Log analysis application may be used in addition to, or as part of suite also including monitoring metrics application. Monitoring metrics applications typically store numeric data in a time-series data base, which can be more lightweight than data in the log analysis application. In some examples, monitoring metrics applications can support near real time scenarios and store numeric data in a particular structure. Log analysis application applications, however, typically store a variety of data types that can include their own structures. Further, log analysis applications can typically support complex analysis on the data using queries.

Data can be stored in an analytics workspace. In many examples, a single workspace may be enough for a data-monitoring environment. In other examples, multiple workspaces may be used, such as a workspace for production data and a separate workspace for testing data. Data can be retrieved from the workspace via a log query, which can be a read-only request to process data and return results. In one example, a log query may be written in a query language and applied to the workspace. For example, a log query can be written in a log analysis application and used to interactively analyze results, alert rules to be proactively notified of issues, or include results to be used in application workbooks or dashboards of the log analysis application.

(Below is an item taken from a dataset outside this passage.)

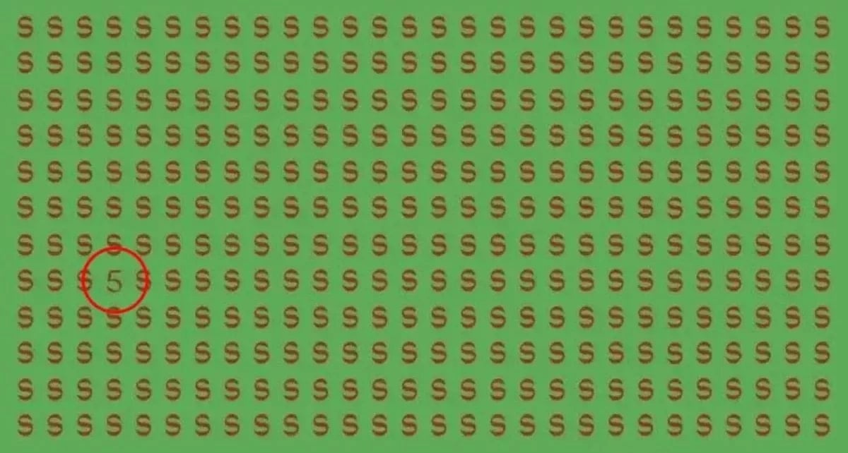 Når man ser på billedet, ser det røde bogstav “S” ud til at fylde hele det rektangulære felt, men nogle vil være i stand til at se det mærkelige tal i løbet af få sekunder.

An analytics workspace may include a table, such as one or more tables that are each organized into one or more columns, and each column includes zero or more rows of data. For instance, a column may begin with zero rows of data and can add rows as the column is populated with data. Each table can be defined by the unique set of columns. In one example, the rows of data in a column are provided by a data source. The column is associated with the data in the rows, the data source, and an identifier of the column.

The normalized table Nr includes a set of n columns, in which n is an integer greater than zero. The input table Ip also includes a set of n columns, in which n is an integer greater than zero.

A column of the normalized table Nr may be represented as cNri in which i in an integer from 1 to n. For example, the normalized table Nr may include a column having a column identifier, such as a column name, cNri that may be populated with data associated with the identifier and corresponding data source.

A column of the input table Ip may be represented as cIpj in which j in an integer from 1 to n. For example, the input table Ir may include a column having a column identifier, such as a column name, cIpj that may be populated with data associated with the identifier and corresponding data source.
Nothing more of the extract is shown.